3-4% of people with Down syndrome have Translocation.  In this type, a part of the 21st chromosome breaks off and attaches itself to another chromosome.  Cells then have an extra piece of the chromosome but not an entire extra chromosome.

Families suffer from having a child with Down syndrome.  It's not fair to the siblings and the parents always get divorced.  
I don't have all the statistics in front of me and I won't pretend that I took the time to find them all.  (After all, you'll never find two stats that agree anyway.)  It is true that having a child with a disability can be very hard on a family and a marriage.  Statistics do show that there is an increased divorce rate for families with disabled or chronically ill children.  However, those stats do not apply to families of children with Down syndrome.  Dr. Brian Skotko has spent his entire career conducting studies to show how a child with DS can positively affect your family.  If you are really interested in this information and the studies behind it, I would encourage you to read some of his work.

As a teacher, I have met some great families that have young adults with DS in them.  I've also met some that I wouldn't choose to socialize with outside of my professional relationship with them.  This is also true of families who have children with autism or any other disability.  Families are families no matter who is in them.  Some function well.  Some do not.  A family won't be perfect because it has a child with DS in it but it also won't disintegrate from that either.

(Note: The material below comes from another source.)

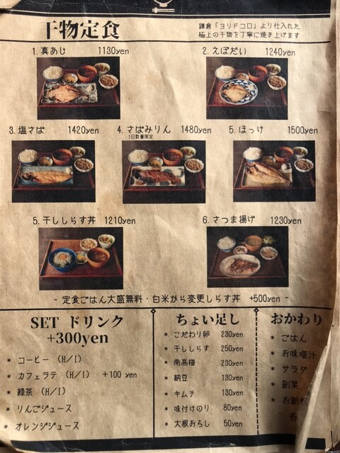 ホッケの干物定食にしらす干しご飯、トッピングに納豆を注文した。大学芋も捨てがたいなぁ...。

Kids with DS never grow up.
They do grow up.  Just like every other human being.  They turn into adults in every way.  This is one of the many reasons it's important to teach them boundaries and social skills when they are young.  My mantra is:  "What's cute at 5 isn't cute at 15 and is criminal at 25."  Sara loves men (preferably between 45 and 60).  She has an uncontrollable desire to touch them.  Because of her height, she ends up grabbing butts--a lot.  Because she's 5 and cute, people smile it off.  They won't be smiling it off when she's 15 and they really won't appreciate it when she's 25.  That's why we are working on it now.  Because she will grow up!

Also, if you see an adult with Down syndrome---they are an adult.  Please treat them as such!  Can you imagine if someone talked to you as a 5 year old all the time?  How frustrating would that be?

Children with Down syndrome are only born to older parents.
Again with the stats that I don't have in front of me.  The majority of babies with DS are born actually born to women under 30.  That's because the majority of all babies are born to women under 30.  While being older increases your chances of having a baby with DS, younger women are not at all exempt.  Any woman could have a child with Down syndrome at any age.

People with Down syndrome plateau and stop learning.
This isn't true of anyone so why would it be true of people with DS?  Everyone can continue to grow and learn throughout their life.  Now, if your child with DS is 15 and still working on phonics, it might be time to find another way to teach them to read or to focus on important sight words but that doesn't mean they won't learn anything anymore.  It just means phonics isn't going to work for them and you might need to prioritize the important skills that they need to learn at this phase of their life.

All people with Down syndrome will be over weight.  
A lot of people with DS do struggle with weight but a diagnosis of DS does not have to equate with obesity.  Like every other human being, they will benefit from proper diet and exercise.  They should also have their thyroid functioning checked regularly, as this can be an area of concern and can lead to weight gain.

People are afflicted with or suffer from Down syndrome.  
Why can't we just say that they have Down syndrome?  It's a result of their genes.  I don't suffer from curly hair.  I'm not afflicted with shortness.  Those are just things that I have because of my genetics.  Sara has Down syndrome.  She doesn't suffer and she's not afflicted.

All people with Down syndrome are stubborn.
This might not be a myth.  I'm pretty convinced it's not.